[Records from a data source]
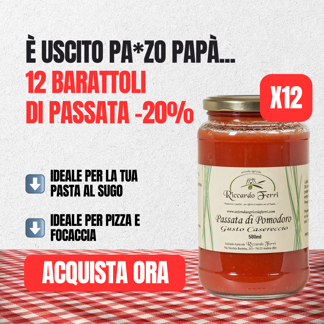 I prodotti dell’Azienda Agricola Ferri nascono dall’amore per la nostra terra e dalla passione e tradizione che da sempre ci lega a questi territori. Pregiato olio extravergine di oliva 100% italiano, vini DOC Castel del Monte, taralli e conserve direttamente a casa tua.
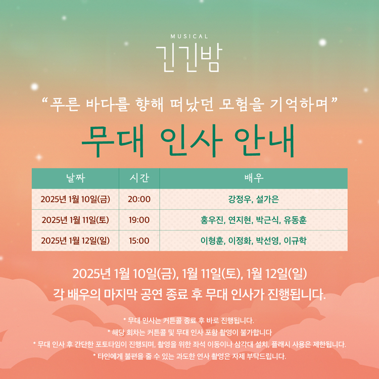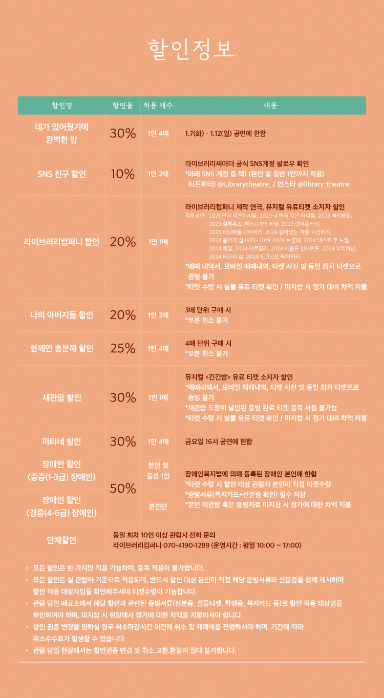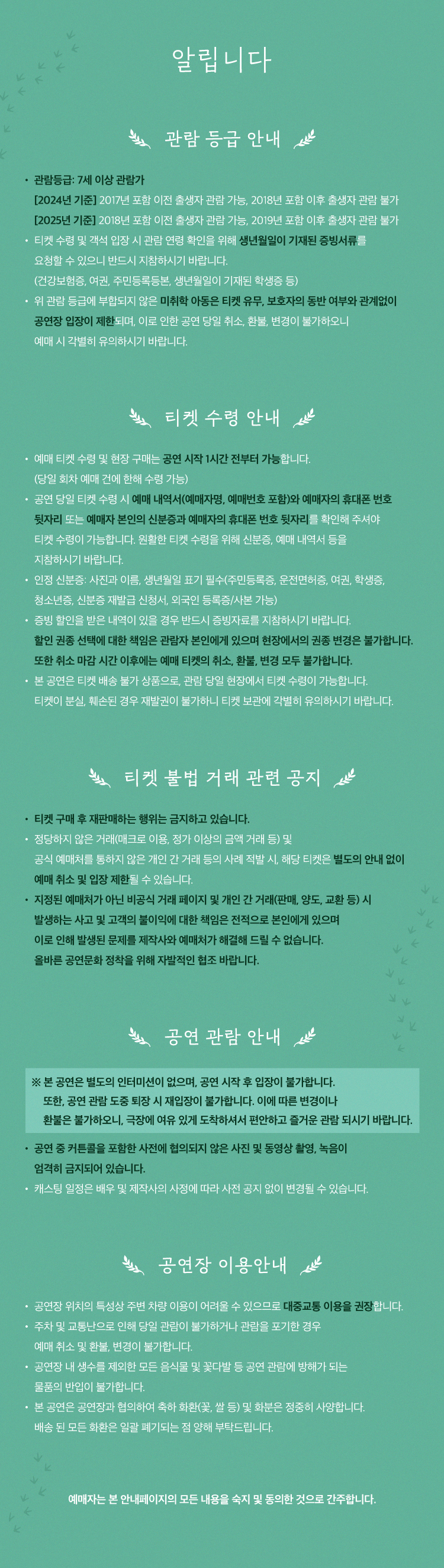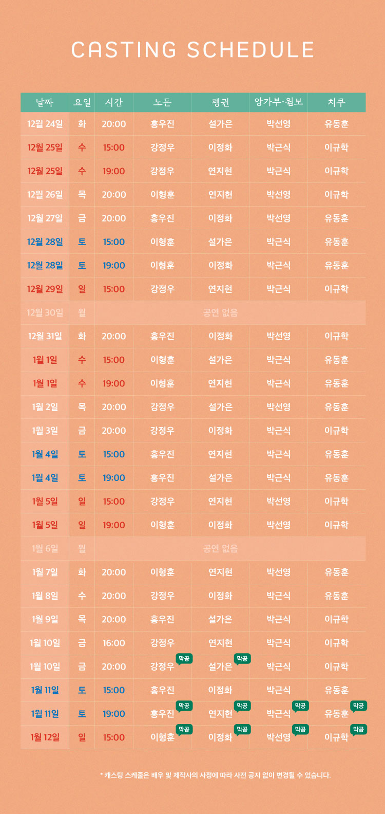 * 12/27(금) 16시 공연없음, 1/3(금) 16시 공연없음, 1/5(일) 15시, 19시 공연
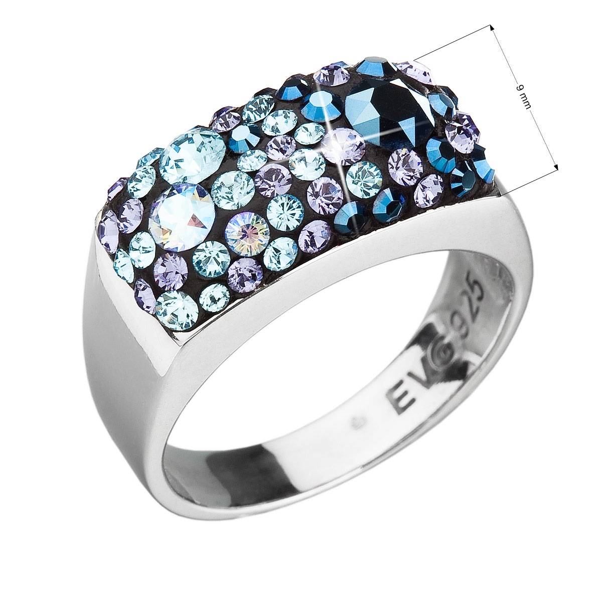 Stříbrný prsten s mdrými kameny Crystals from Swarovski®
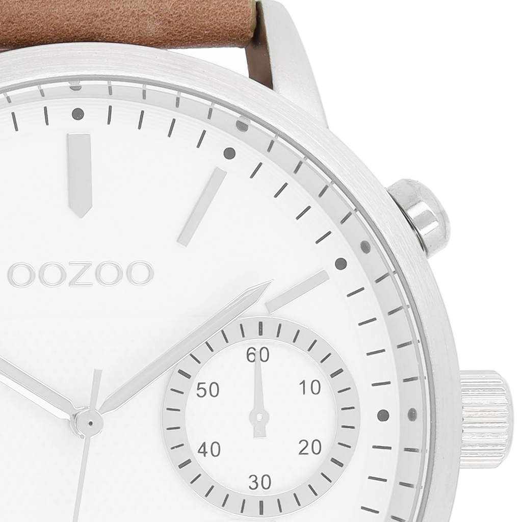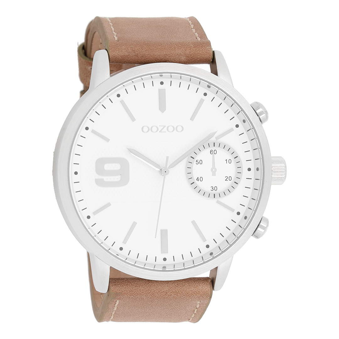 Stand out with this beautiful round gents design from the trendy OOZOO Timepieces collection. The C8580 has a brown leather strap and 48 mm silver coloured metal watch case. You are making quite the fashion statement with this white dial, silver coloured stripes and numbers digits and matching hands. This essential watch for your wardrobe has a mineral glass, stainless steel backplate and is nickel safe. This watch has a 2 Japanese movement and is covered by a 2 year warranty (see section 3 of our Refund, shipping & warranty policy).
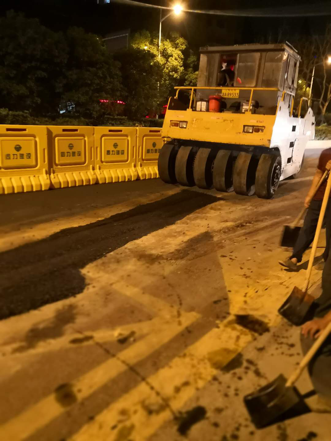 龍?bào)粗新氛沃凶畲箅y點(diǎn)在于承載交通壓力大,施工時(shí)間受很大約束。首先是每日的工作時(shí)間較短,雖前期做了大量溝通工作,但鑒于龍?bào)粗新肥浅鞘心媳毕蚪煌ù髣?dòng)脈,施工容易造成嚴(yán)重?fù)矶?。故最終只能在每日夜間21:00至次日凌晨6:00于進(jìn)行施工,其余時(shí)段均需保證全時(shí)段無(wú)占用通行。在復(fù)雜不利的環(huán)境下,緊抓“定時(shí)清場(chǎng)法”、施“單元施工法”不放松,將整條道大路劃分為十六個(gè)單元以便組織推業(yè)進(jìn)。每日夜間21:00圍擋設(shè)施、施工車輛等陸續(xù)進(jìn)場(chǎng),大批施工人員和交通疏導(dǎo)人員在各個(gè)單元就位,然后根據(jù)現(xiàn)場(chǎng)車流量情況試用圍擋封閉部分車道,并根據(jù)測(cè)試圍擋后車流通行效果靈活調(diào)整車道封閉時(shí)間以及車道封閉數(shù)量,在確認(rèn)不會(huì)造成交通堵塞之后再圍擋施工。見縫插針、統(tǒng)籌協(xié)調(diào)、調(diào)整工設(shè)序,努力做到化難點(diǎn)為亮點(diǎn)。為了確保白天可以順利開放交通,提前擬定方案,將小面積難以壓實(shí)、大面積難以養(yǎng)生的水泥穩(wěn)定碎石道路基層處理方案,調(diào)整為小面積用砼澆筑覆蓋鋼板養(yǎng)護(hù)、大面積病害采用ATB瀝青碎石即壓即成型的方案,既保障了交通也保證了質(zhì)量。同時(shí)部署各單元作業(yè)班組集中力量在少量點(diǎn)位內(nèi)施工,開一段干一段收一段,不多開作業(yè)面,便于控制質(zhì)量和進(jìn)度,同時(shí)方便組織圍擋、開放交通及白天的維護(hù)巡查;對(duì)于過(guò)路溝槽、病害處理的鋼板覆蓋措施,也有多項(xiàng)要求及改進(jìn)。首先是確保鋼板厚度不低于2厘米,并在鋼板下放置橡膠墊,減少車輛碾壓的噪音,鋼板四周還會(huì)設(shè)置減速帶起到警示過(guò)往車輛減速以及避免鋼板發(fā)生位移,其次是對(duì)于鋼板下脫全跨度大于1米的增設(shè)槽鋼支撐,并做到24小時(shí)人員巡視不間斷。與此同時(shí),周邊一些單位比較支持,騰出了一些空地給我們堆放材料,這樣在每天早上6點(diǎn)能確保圍擋和施工車輛等就近安放,恢復(fù)快車道交通。

Action item: Reprint every record exactly and skip the pictures.

Answer box:
 I prodotti dell’Azienda Agricola Ferri nascono dall’amore per la nostra terra e dalla passione e tradizione che da sempre ci lega a questi territori. Pregiato olio extravergine di oliva 100% italiano, vini DOC Castel del Monte, taralli e conserve direttamente a casa tua.
 * 12/27(금) 16시 공연없음, 1/3(금) 16시 공연없음, 1/5(일) 15시, 19시 공연
 Stříbrný prsten s mdrými kameny Crystals from Swarovski®
 Stand out with this beautiful round gents design from the trendy OOZOO Timepieces collection. The C8580 has a brown leather strap and 48 mm silver coloured metal watch case. You are making quite the fashion statement with this white dial, silver coloured stripes and numbers digits and matching hands. This essential watch for your wardrobe has a mineral glass, stainless steel backplate and is nickel safe. This watch has a 2 Japanese movement and is covered by a 2 year warranty (see section 3 of our Refund, shipping & warranty policy).
 龍?bào)粗新氛沃凶畲箅y點(diǎn)在于承載交通壓力大,施工時(shí)間受很大約束。首先是每日的工作時(shí)間較短,雖前期做了大量溝通工作,但鑒于龍?bào)粗新肥浅鞘心媳毕蚪煌ù髣?dòng)脈,施工容易造成嚴(yán)重?fù)矶?。故最終只能在每日夜間21:00至次日凌晨6:00于進(jìn)行施工,其余時(shí)段均需保證全時(shí)段無(wú)占用通行。在復(fù)雜不利的環(huán)境下,緊抓“定時(shí)清場(chǎng)法”、施“單元施工法”不放松,將整條道大路劃分為十六個(gè)單元以便組織推業(yè)進(jìn)。每日夜間21:00圍擋設(shè)施、施工車輛等陸續(xù)進(jìn)場(chǎng),大批施工人員和交通疏導(dǎo)人員在各個(gè)單元就位,然后根據(jù)現(xiàn)場(chǎng)車流量情況試用圍擋封閉部分車道,并根據(jù)測(cè)試圍擋后車流通行效果靈活調(diào)整車道封閉時(shí)間以及車道封閉數(shù)量,在確認(rèn)不會(huì)造成交通堵塞之后再圍擋施工。見縫插針、統(tǒng)籌協(xié)調(diào)、調(diào)整工設(shè)序,努力做到化難點(diǎn)為亮點(diǎn)。為了確保白天可以順利開放交通,提前擬定方案,將小面積難以壓實(shí)、大面積難以養(yǎng)生的水泥穩(wěn)定碎石道路基層處理方案,調(diào)整為小面積用砼澆筑覆蓋鋼板養(yǎng)護(hù)、大面積病害采用ATB瀝青碎石即壓即成型的方案,既保障了交通也保證了質(zhì)量。同時(shí)部署各單元作業(yè)班組集中力量在少量點(diǎn)位內(nèi)施工,開一段干一段收一段,不多開作業(yè)面,便于控制質(zhì)量和進(jìn)度,同時(shí)方便組織圍擋、開放交通及白天的維護(hù)巡查;對(duì)于過(guò)路溝槽、病害處理的鋼板覆蓋措施,也有多項(xiàng)要求及改進(jìn)。首先是確保鋼板厚度不低于2厘米,并在鋼板下放置橡膠墊,減少車輛碾壓的噪音,鋼板四周還會(huì)設(shè)置減速帶起到警示過(guò)往車輛減速以及避免鋼板發(fā)生位移,其次是對(duì)于鋼板下脫全跨度大于1米的增設(shè)槽鋼支撐,并做到24小時(shí)人員巡視不間斷。與此同時(shí),周邊一些單位比較支持,騰出了一些空地給我們堆放材料,這樣在每天早上6點(diǎn)能確保圍擋和施工車輛等就近安放,恢復(fù)快車道交通。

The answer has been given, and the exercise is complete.